Un suceso más grave ocurriría y sería la gota que derramó el vaso. A mediados de julio de 1808 corrió en Caracas la noticia de la abdicación de Carlos IV y la renuncia de Fernando VII por las fuerzas napoleónicas. La turba popular se condensó en la puerta del Ayuntamiento bajo el grito de «¡Viva Fernando VII y muera Napoleón con todos sus franceses!», y aquel cuerpo organizó inmediatamente una solemne proclamación del «Rey legítimo», a lo que el Alférez se apresuró a hacer en las principales plazas y calles de la ciudad, a las voces de «¡Castilla, Castilla, Castilla, y Caracas, por el señor don Fernando VII y toda la descendencia de la Casa de Borbón!». Graciosa ingenuidad la de los criollos en cuanto a su defensa hacia los Borbones.
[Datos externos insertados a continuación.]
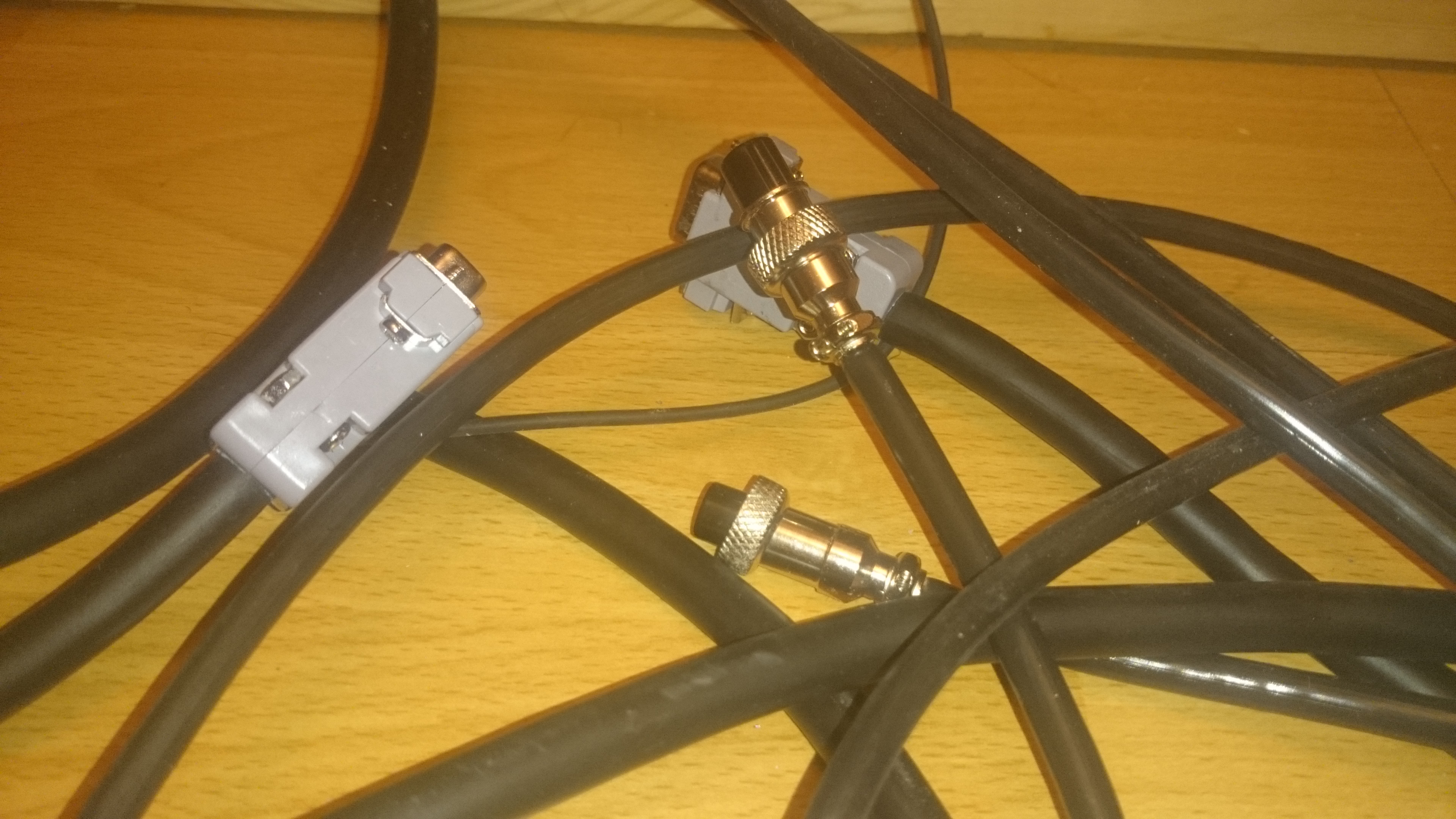 Закончил с пайкой разъёмов, временно припаял вторые, немного заземлил и замотал лишнее скотчем:
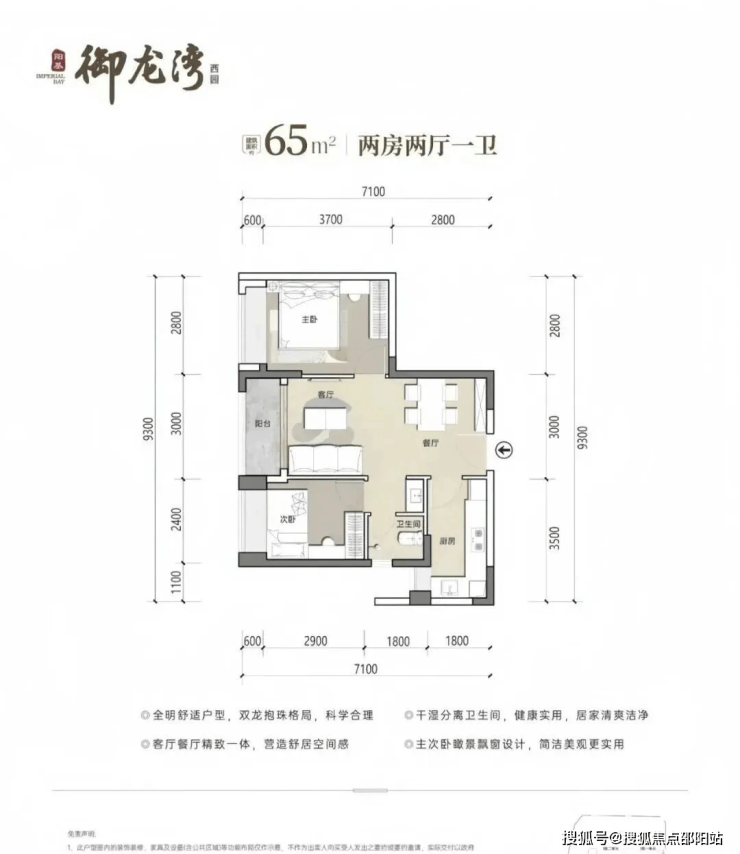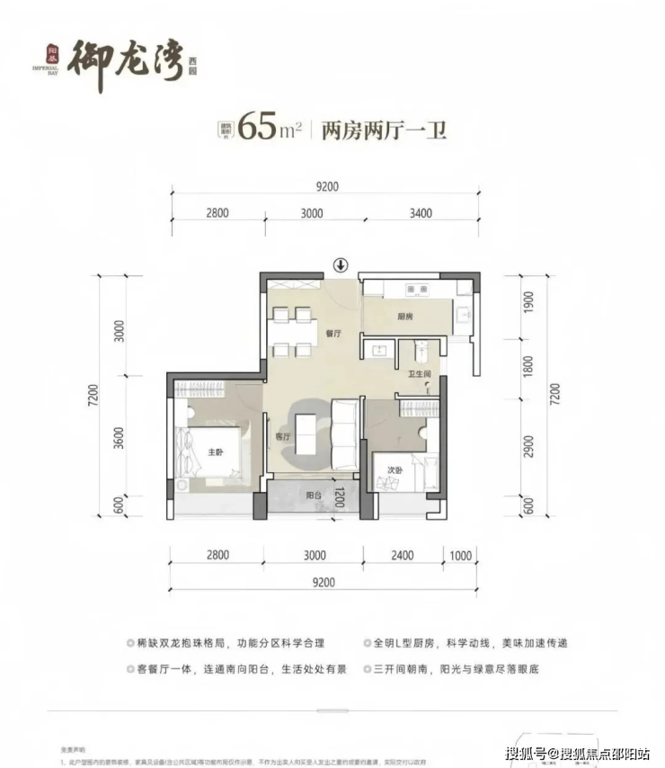 65㎡2房1卫,分布在1栋3/4单元04/05户型,设计的是竖厅稀缺的双龙抱珠格局,客厅开间3米,三开间朝南,L型厨房,卫生间分离设计,得房率约73.26%(不含赠送),西南朝向,加上赠送得房率约80%
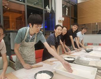 在准备饺子宴过程中,校园时光餐吧的师傅们为青年老师提供技术指导,示范包饺子的技巧。赵书记、肖院长也一边包饺子一边与老师们聊家常、谈美食。大家在一片欢声笑语中渡过了一个愉快的中午。
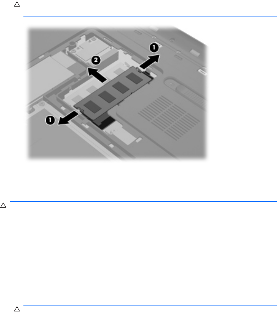 b. Apucaţi marginile modulului de memorie (2), apoi trageţi uşor în afară modulul de memorie
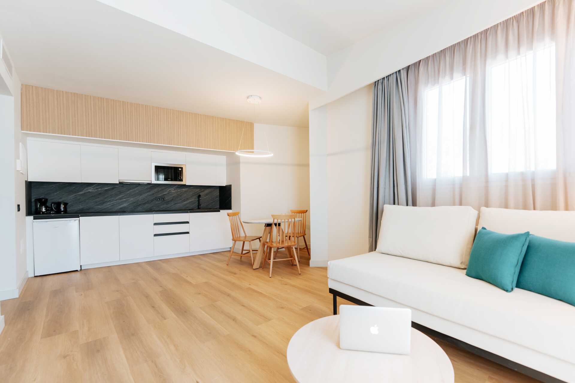 Større 1-værelses lejlighed med balkon eller terrasse, alternativt med balkon og delvis havudsigt. Lejligheden består af et soveværelse og et opholdsrum med minikøkken. En dobbeltseng eller to enkeltsenge. Mulighed for ekstra opredning i sovesofa. Minikøkken med køleskab, kogeplader, kaffemaskine, el-kedel, brødrister og enkelt køkkenudstyr. Gratis wifi og aircondition. Deponering mod betaling. Tv med internationale kanaler. Hårtørrer. Badeværelse med bruser og toilet. Rengøring 3 gange om ugen.
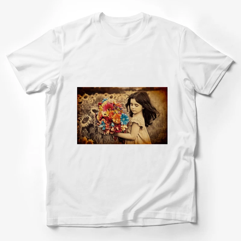 Dreamy Portrait of Girl with Colorful Bouquet in Sunflower Field Male T-Shirt
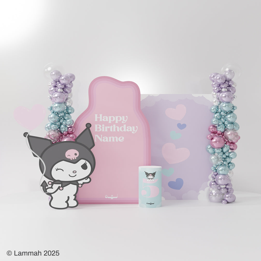 A cute Kuromi-themed birthday setup in soft pastel pinks, purples, and blues. Perfect for fans who want a playful and stylish celebration. Designed for kids’ parties, anime lovers, and themed birthdays.
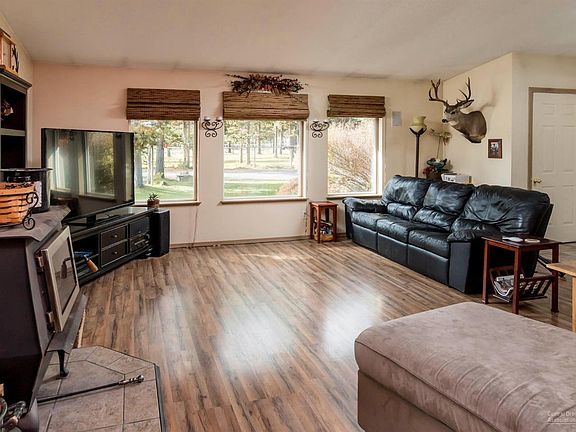 Amazing HORSE PROPERTY with 2 big riding arenas/ horse corral's. Large 36X36 barn/shop with horse stalls, hay storage and tack room. All fencing and irrigation sprinklers includes. Underground sprinkler system on plush lawn. Separate wood shed and addition man cave, art studio or sewing studio insulated and ready to make your own space. Home includes many upgrades with new granite bathroom & kitchen. woodstove, brand new wood flooring, 2 water heaters & hot tub. Corner lot with 2 separate gates. Shop area
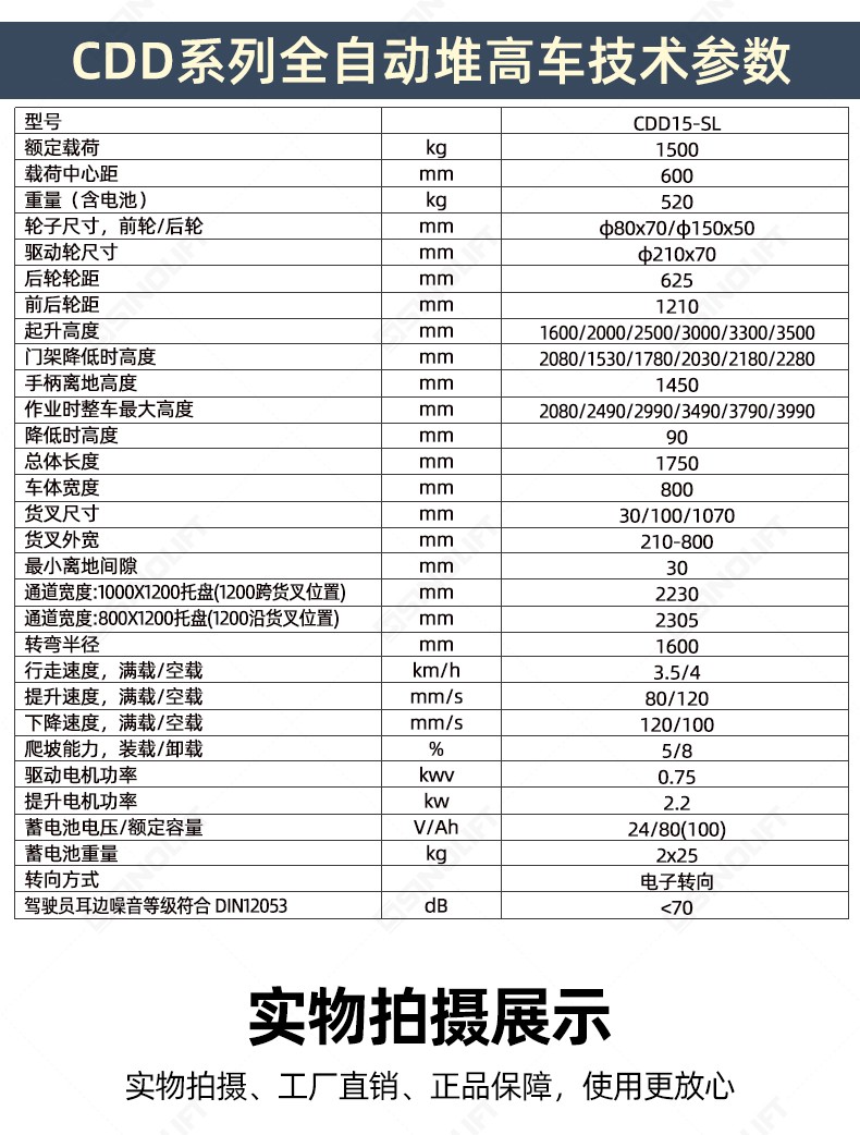 | CDD系列全自动堆高车技术参数 | |||
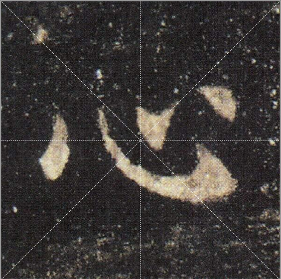 最后把欧阳询《九成宫》中的两个碑帖放大的例字,以及碑帖给大家欣赏做书写参考。
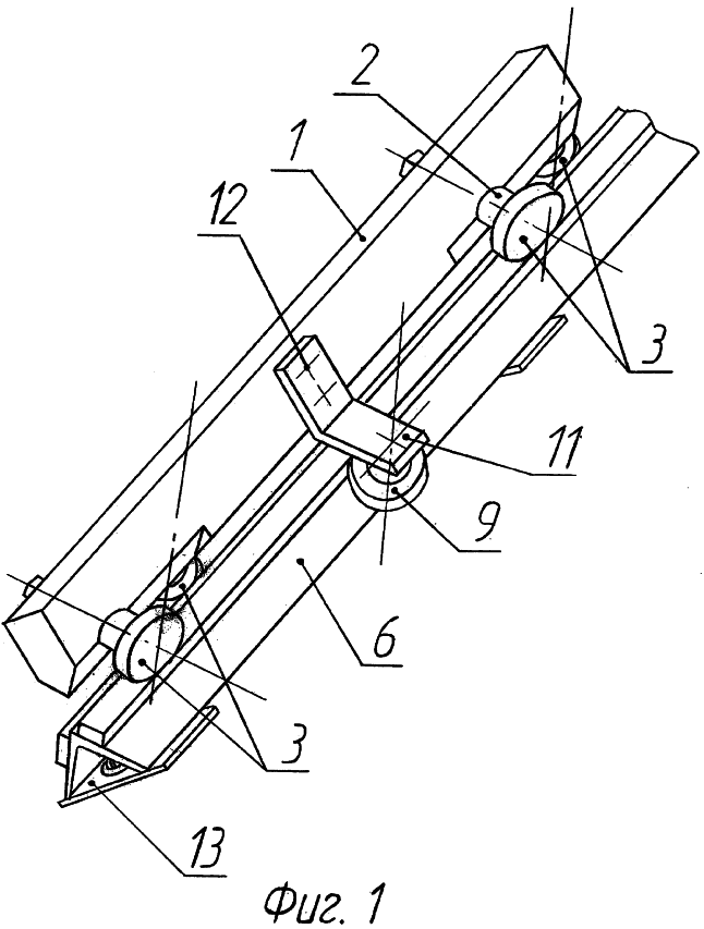 Данная направляющая качения представлена на фиг.1 – 5. Она содержит каретку 1, на которой посредством осей 2 установлены опоры качения 3. Оси 2 расположены под углом друг к другу. В рассматриваемом варианте угол составляет 90 градусов. Внешние цилиндрические поверхности опор качения 3 катаются по плоскостям качения 4 и 5 рейки. Рейка направляющей качения состоит из отдельных деталей, собранных в единый элемент: основания 6 и двух закрепленных на боковых гранях основания 6 брусков 7, имеющих форму параллелепипеда. Брусок в сечении имеет форму прямоугольника (секущая плоскость перпендикулярна оси рейки). Угол между плоскостями качения 4 и 5 рейки, которые образуют верхние поверхности брусков, равен углу между осями 2 рейки и в данном случае составляет 90 градусов. Боковая поверхность 8 одного из брусков 7 рейки служит плоскостью качения для ролика 9, который посредством оси 10 установлен на уголке 11. Уголок 11 посредством разъемного соединения 12 крепится к каретке 1. Соединение 12 позволяет осуществлять выборку люфтов, появляющихся от укатывания роликов 3 и ролика 9 в процессе длительной работы устройства, с помощью крепежных болтов с эксцентриситетом. Разъемное соединение 12 позволяет при необходимости осуществлять быстрый съем каретки с рейки (например, при ремонте) путем освобождения болтов. Рейка имеет площадки крепления 13 для установки на станке. Площадки крепления 13 имеют крепежные болты с эксцентриситетом. Углы между плоскостями качения рейки выбираются такими, чтобы ролики охватывали рейку с трех сторон и препятствовали смещению каретки в любом направлении, отличном от направления ее перемещения.
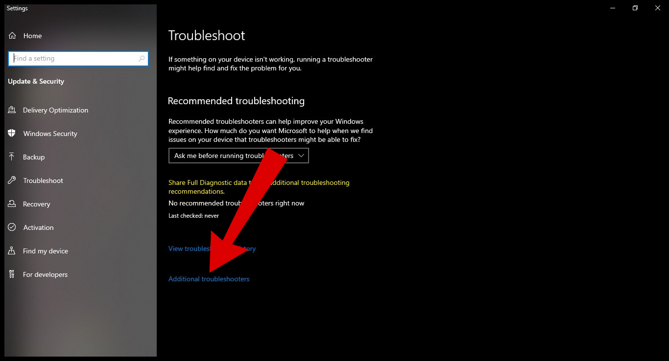Search Troubleshooting Settings - Click on Additional troubleshooter to see all options.
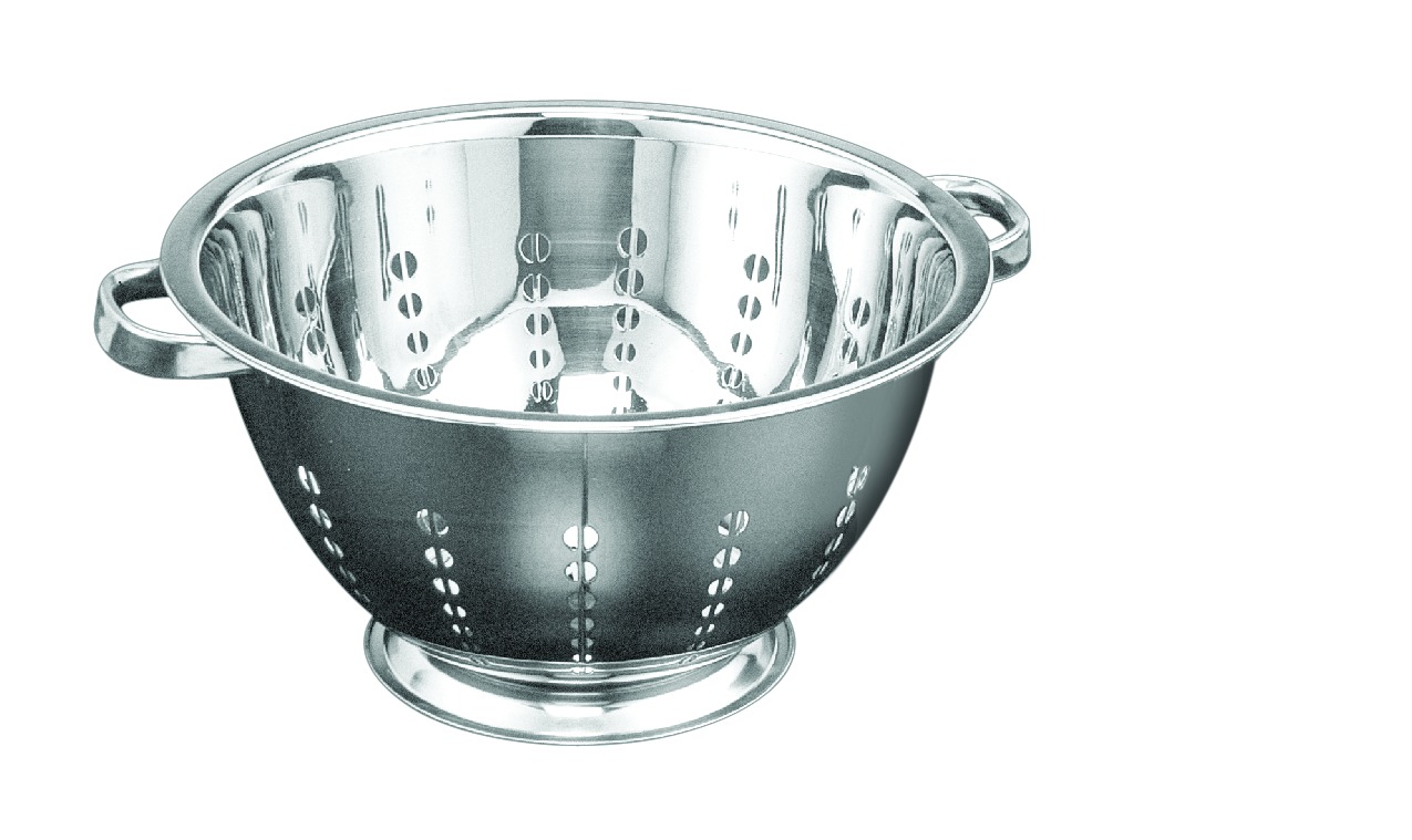 Глубокий дуршлаг из нержавеющей стали с полированной поверхностью. Материал обеспечивает долговечность и простоту ухода.
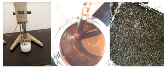 The process of adding nano-titanium dioxide into the carrier of asphalt mixture is described as follows: Titanium dioxide is first dispersed in water, and eventually fused with epoxy emulsified asphalt, the mixture and specimens required for the test were prepared by adding aggregate. The process is shown in Figure 1 (part of the process and data are patented technology and appropriate concealments have been made).
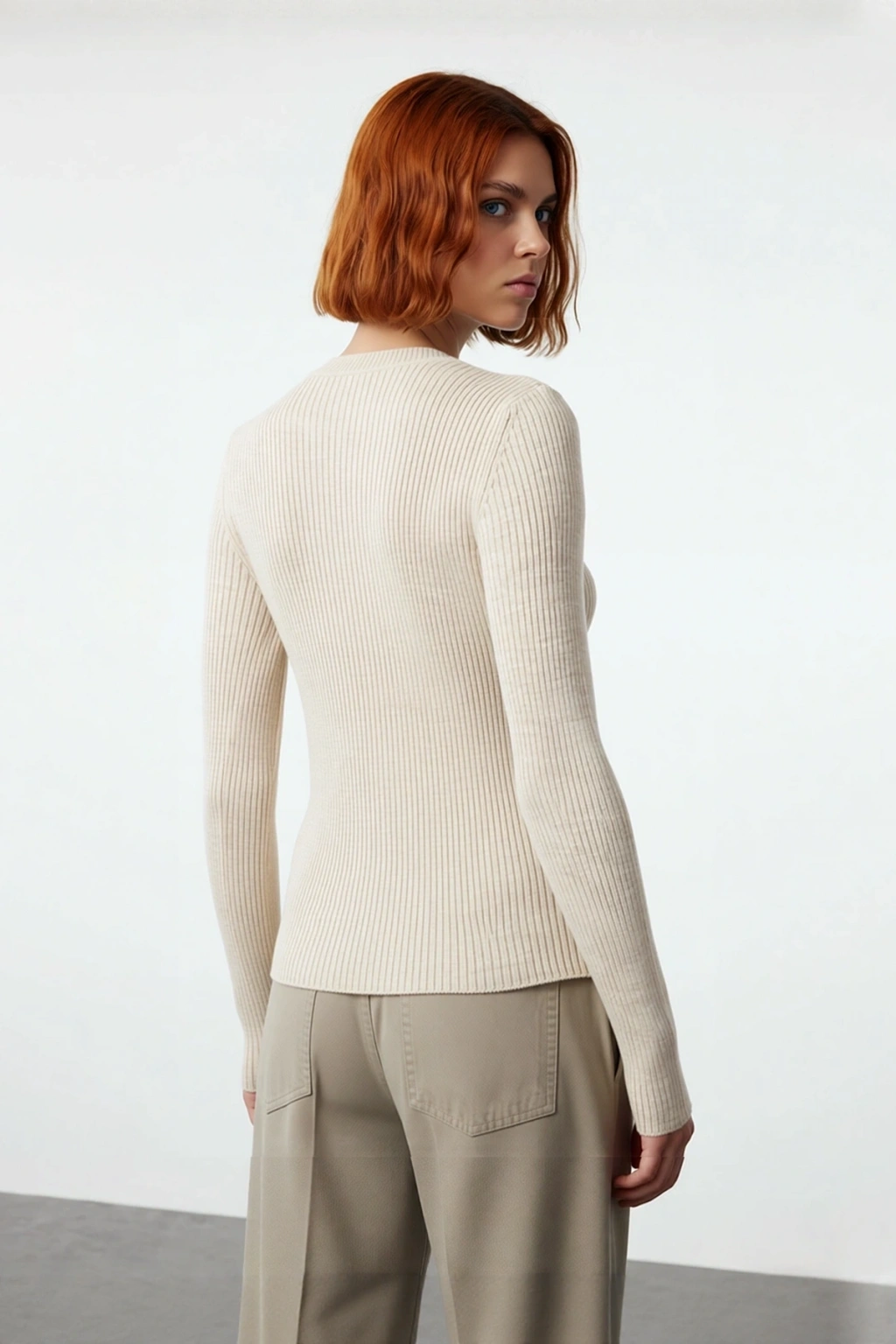 Ürün Özellikleri: Fitted kalıp, %100 akrilik materyal, fitilli desen, bisiklet yaka, standart uzun kol, triko kumaş, bej renk.
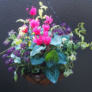 吊り型ハンギングに! ガーデンシクラメンの寄せ植え ベランダの物干しに ちょと飾るだけで 華やかになります♪ #Garden#gardening #flower #ガーデン#ガーデニング#寄せ植え#花の寄せ植え#コンテナガーデン#花と緑のある暮らし #癒やし#ハボタン #メルカリ#リース #humminggarden

Estos señores de la noche a la mañana aparecieron aliados a los victimarios de Luis XVI, y los hispanoamericanos se encontraban en el aprieto de que, para ser fieles a su Rey, debían sonreír a los regicidas del país vecino. Con Napoleón debía suceder lo mismo; el temor que sentían estos «buenos vasallos» de que aquel conquistador extendiera su garra sobre España, se cambió de pronto en estupor al saber que los propios monarcas españoles entregaban al advenedizo la corona de los Reyes Católicos. La situación no podía ser más absurda; para ser fieles al Rey era preciso —se les reclamaba— aceptar otro Rey. Carlos IV llegó, dentro de su infamia y deshonor, hasta acusar a su hijo ante el Emperador francés y «no perderé tiempo —agregaba— para informar debidamente a Vuestra Majestad Imperial, a quien respetuosamente ruego me ayude con su sabiduría y consejo».32
Fernando VII, por su parte, pidió a Napoleón que lo casara con una «princesa» de la familia Bonaparte y «me atrevo a decir —prometía— que esta unión y la publicidad de mis deseos, que haría saber a toda Europa si V. M. me lo permite, pueden ejercer influencia saludable en los destinos de España y arrancar de un pueblo ciego y furioso el pretexto para inundar de sangre el suelo de su patria en nombre de un príncipe, el heredero de su antigua dinastía, que se ha convertido a consecuencia de un solemne tratado, por su propia elección y por la más gloriosa de todas las adopciones, en un príncipe francés y un hijo de Vuestra Majestad Imperial».33
La abdicación —mejor conocida como perfidia— de Bayona fue el inicio del fin para la Metrópoli frente a las posesiones de Ultramar. Ésta venía del propio «Rey legítimo» el cual le había cedido ese título al usurpador francés. Categóricamente, Carlos IV escribía a Fernando: «Hijo mío, los pérfidos consejos de quienes te rodean han colocado a España en situación crítica y ya no puede ser salvada sino por Napoleón»; y Fernando, a su vez, desde su «cautiverio» felicitó a José Bonaparte —conocido también bajo el mote de «Pepe botella»— por su ascensión al trono de España, felicitaba al Emperador por sus triunfos contra el pueblo español y hacía festejar con luminarias esas victorias.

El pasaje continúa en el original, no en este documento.